## WHAT YOU ARE ASKED TO DO
The reply should hold only the lines below beginning at the one with "Adoráveis Goldendoodles vestidos" and ending at the one with "實木翻門書櫃櫻桃木玻璃門手辦展示櫃落地置物櫃日式客廳收納櫃", copied exactly, with every picture left out.

## MATERIAL PROVIDED
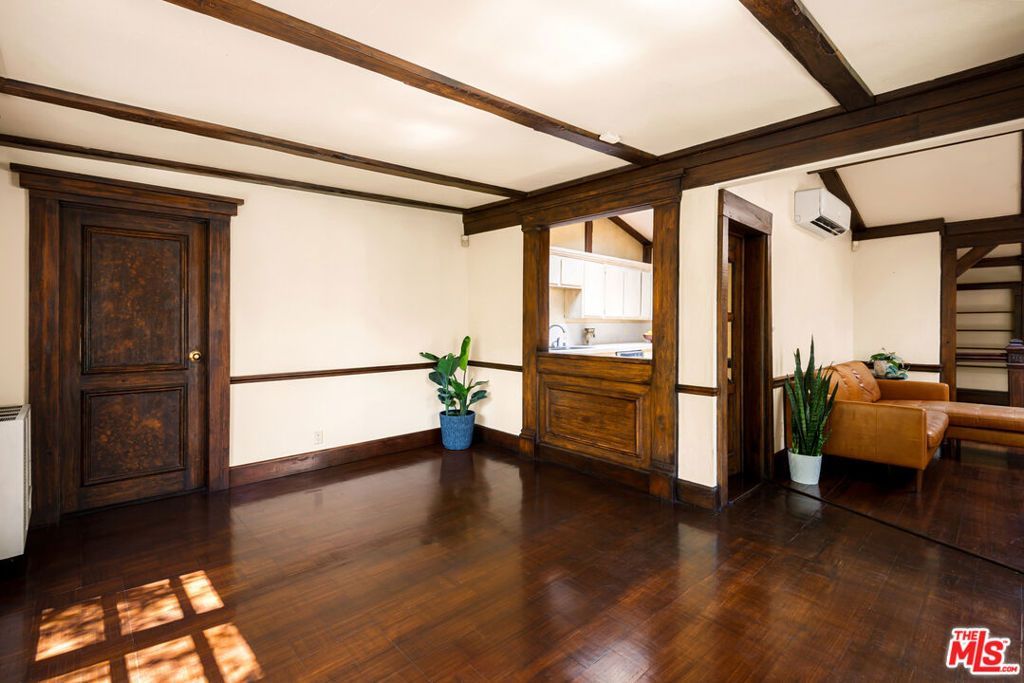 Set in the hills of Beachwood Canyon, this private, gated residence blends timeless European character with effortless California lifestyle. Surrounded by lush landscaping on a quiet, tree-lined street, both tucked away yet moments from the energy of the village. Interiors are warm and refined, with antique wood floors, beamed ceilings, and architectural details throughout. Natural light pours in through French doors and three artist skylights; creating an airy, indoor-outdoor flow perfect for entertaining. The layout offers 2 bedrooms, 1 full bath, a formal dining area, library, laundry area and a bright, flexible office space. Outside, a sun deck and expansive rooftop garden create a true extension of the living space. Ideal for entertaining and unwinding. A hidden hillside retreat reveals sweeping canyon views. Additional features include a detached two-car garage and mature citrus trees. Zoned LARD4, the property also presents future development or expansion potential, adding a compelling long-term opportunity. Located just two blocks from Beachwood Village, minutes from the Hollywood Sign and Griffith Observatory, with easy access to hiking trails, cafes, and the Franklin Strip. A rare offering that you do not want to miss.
...
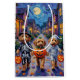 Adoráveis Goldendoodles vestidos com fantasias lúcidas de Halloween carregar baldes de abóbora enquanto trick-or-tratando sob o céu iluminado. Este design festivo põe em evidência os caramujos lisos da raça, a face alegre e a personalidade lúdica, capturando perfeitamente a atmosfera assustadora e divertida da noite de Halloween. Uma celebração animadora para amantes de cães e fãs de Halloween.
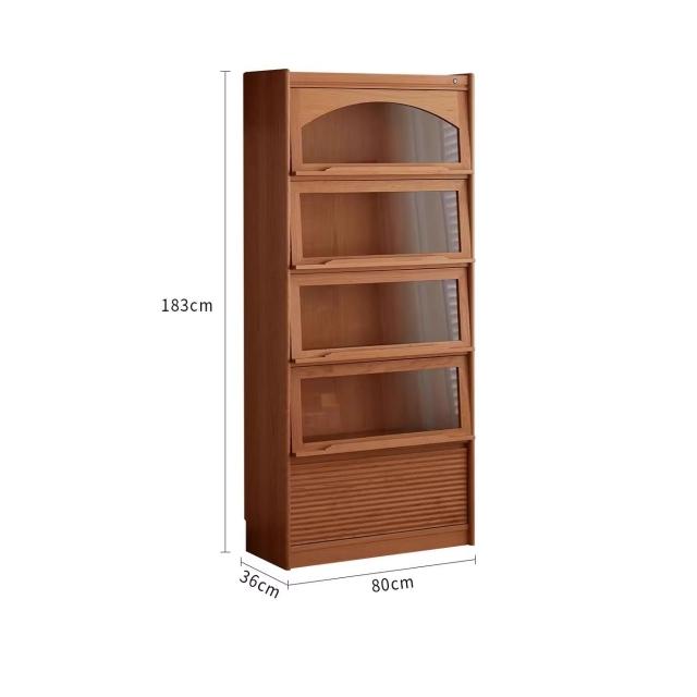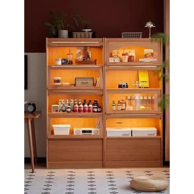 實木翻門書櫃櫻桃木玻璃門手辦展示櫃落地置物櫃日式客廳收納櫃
* * *
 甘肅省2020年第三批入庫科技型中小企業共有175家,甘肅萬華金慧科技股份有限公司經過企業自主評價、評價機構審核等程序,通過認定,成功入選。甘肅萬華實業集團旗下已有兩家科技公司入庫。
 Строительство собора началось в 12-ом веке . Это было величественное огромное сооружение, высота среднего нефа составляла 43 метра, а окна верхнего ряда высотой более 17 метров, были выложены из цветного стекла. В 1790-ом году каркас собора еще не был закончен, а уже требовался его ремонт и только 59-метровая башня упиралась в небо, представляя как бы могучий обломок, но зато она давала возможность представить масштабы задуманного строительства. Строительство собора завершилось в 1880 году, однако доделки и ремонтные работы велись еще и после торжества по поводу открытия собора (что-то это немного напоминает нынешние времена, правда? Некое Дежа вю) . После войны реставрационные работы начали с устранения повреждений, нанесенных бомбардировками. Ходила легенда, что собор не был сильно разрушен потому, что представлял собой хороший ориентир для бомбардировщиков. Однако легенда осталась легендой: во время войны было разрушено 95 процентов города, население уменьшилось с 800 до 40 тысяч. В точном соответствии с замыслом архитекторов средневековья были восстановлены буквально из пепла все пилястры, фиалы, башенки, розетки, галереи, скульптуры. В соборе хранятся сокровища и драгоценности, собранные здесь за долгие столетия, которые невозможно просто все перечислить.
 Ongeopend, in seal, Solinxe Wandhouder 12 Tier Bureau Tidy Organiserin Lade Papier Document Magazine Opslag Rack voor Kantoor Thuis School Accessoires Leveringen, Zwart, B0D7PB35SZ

## REPLY
 Adoráveis Goldendoodles vestidos com fantasias lúcidas de Halloween carregar baldes de abóbora enquanto trick-or-tratando sob o céu iluminado. Este design festivo põe em evidência os caramujos lisos da raça, a face alegre e a personalidade lúdica, capturando perfeitamente a atmosfera assustadora e divertida da noite de Halloween. Uma celebração animadora para amantes de cães e fãs de Halloween.
 實木翻門書櫃櫻桃木玻璃門手辦展示櫃落地置物櫃日式客廳收納櫃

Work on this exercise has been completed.